» **Data shown**
####################

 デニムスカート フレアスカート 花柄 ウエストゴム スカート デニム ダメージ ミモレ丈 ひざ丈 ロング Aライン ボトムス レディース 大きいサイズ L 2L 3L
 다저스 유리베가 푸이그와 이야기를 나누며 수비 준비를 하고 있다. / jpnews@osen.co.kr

####################

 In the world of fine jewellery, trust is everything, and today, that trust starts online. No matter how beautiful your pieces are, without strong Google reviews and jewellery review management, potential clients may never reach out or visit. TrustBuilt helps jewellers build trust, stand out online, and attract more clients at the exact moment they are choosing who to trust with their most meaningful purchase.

####################

» **Work required**
Could you transcribe the entries above word for word, from the line with "デニムスカート フレアスカート 花柄" down to the line with "다저스 유리베가 푸이그와", keeping both?

» **Finished exercise**
 デニムスカート フレアスカート 花柄 ウエストゴム スカート デニム ダメージ ミモレ丈 ひざ丈 ロング Aライン ボトムス レディース 大きいサイズ L 2L 3L
 다저스 유리베가 푸이그와 이야기를 나누며 수비 준비를 하고 있다. / jpnews@osen.co.kr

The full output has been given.